ВЕЧЕР НАКАНУНЕ ИВАНА КУПАЛАБыль, рассказанная дьячком ***ской церкви

Лет — куды! более чем за сто, говорил покойник дед мой, нашего села и не узнал бы никто: хутор, самый бедный хутор! Избенок десять, не обмазанных, не укрытых, торчало то сям, то там, посереди поля. Ни плетня, ни сарая порядочного, где бы поставить скотину или воз. Это ж еще богачи так жили; а посмотрели бы на нашу братью, на голь: вырытая в земле яма — вот вам и хата! Только по дыму и можно было узнать, что живет там человек Божий. Вы спросите, отчего они жили так? Бедность, не бедность; потому что тогда козаковал почти всякой и набирал в чужих землях не мало добра; а больше оттого, что незачем было заводиться порядочною хатою. Какого народу тогда не шаталось по всем местам: крымцы, ляхи, литвинство! Бывало то, что и свои наедут кучами и обдирают своих же. Всего бывало.

Быль, рассказанная дьячком ***ской церкви

За Фомою Григорьевичем водилась особенного рода странность: он до смерти не любил пересказывать одно и то же. Бывало, иногда если упросишь его рассказать что сызнова, то, смотри, что-нибудь да скинет новое или переиначит так, что узнать нельзя. Раз один из тех господ — нам, простым людям, мудрено и назвать их — писаки они не писаки, а вот то самое, что барышники на наших ярмарках. Нахватают, напросят, накрадут всякой всячины, да и выпускают книжечки не толще букваря каждый месяц или неделю, — один из этих господ и выманил у Фомы Григорьевича эту самую историю, а он вовсе и позабыл о ней. Только приезжает из Полтавы тот самый панич в гороховом кафтане, про которого говорил я и которого одну повесть вы, думаю, уже прочли, — привозит с собою небольшую книжечку и, развернувши посередине, показывает нам.
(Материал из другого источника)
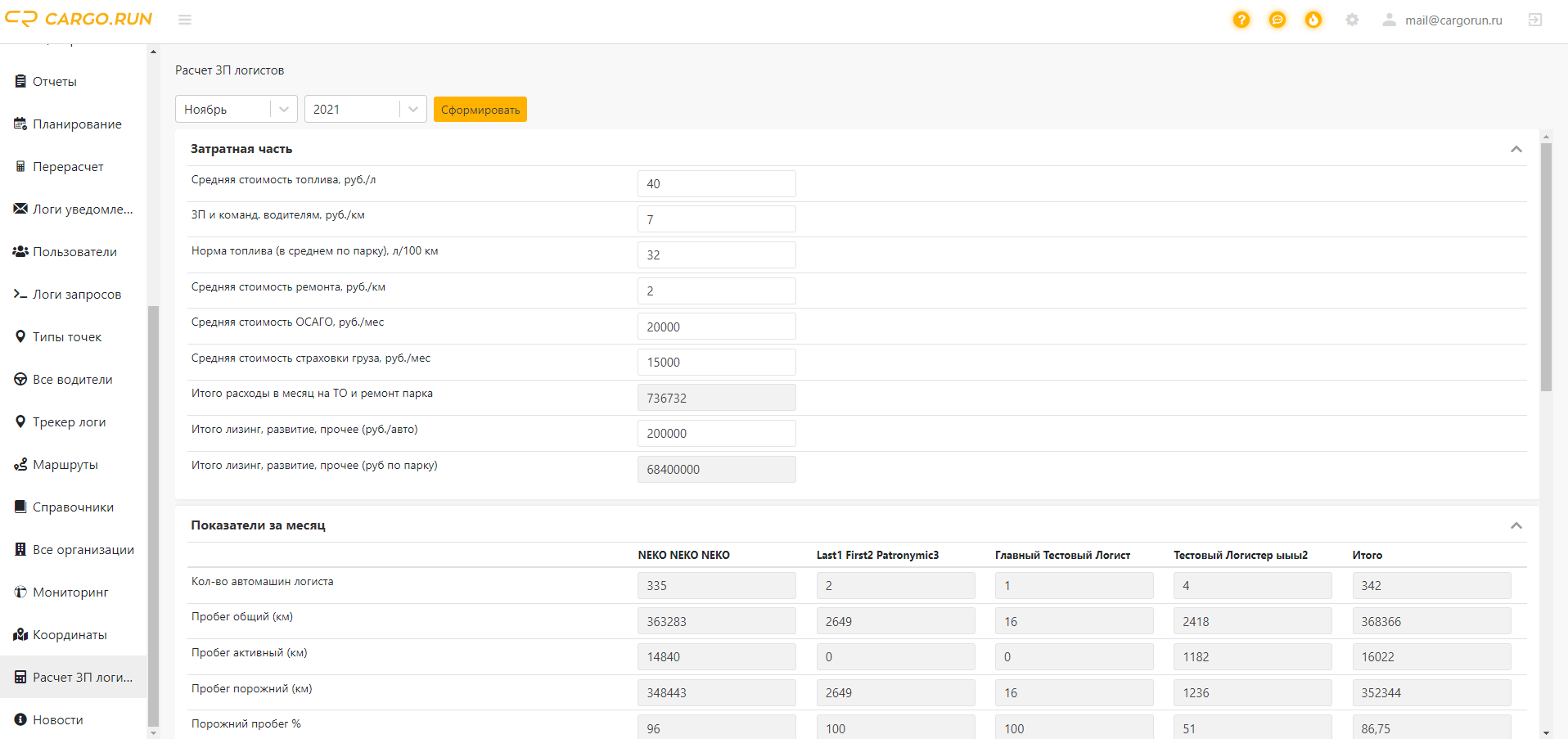 Есть дополнительные поля которые настраиваются вручную, к примеру лизинг и расходы на ремонт, топливо. Исходя из всех этих расчетов формируется расчет зарплаты для логистов.

Фома Григорьевич готов уже был оседлать нос свой очками, но, вспомнив, что он забыл их подмотать нитками и облепить воском, передал мне. Я, так как грамоту кое-как разумею и не ношу очков, принялся читать. Не успел перевернуть двух страниц, как он вдруг остановил меня за руку.

— Постойте! наперед скажите мне, что это вы читаете?

Признаюсь, я немного пришел в тупик от такого вопроса.

— Как что читаю, Фома Григорьевич? вашу быль, ваши собственные слова.

— Кто вам сказал, что это мои слова?

— Да чего лучше, тут и напечатано: рассказанная таким-то дьячком.

— Плюйте ж на голову тому, кто это напечатал! бреше, сучий москаль. Так ли я говорил? Що то вже, як у кого черт-ма клепки в голови! Слушайте, я вам расскажу ее сейчас.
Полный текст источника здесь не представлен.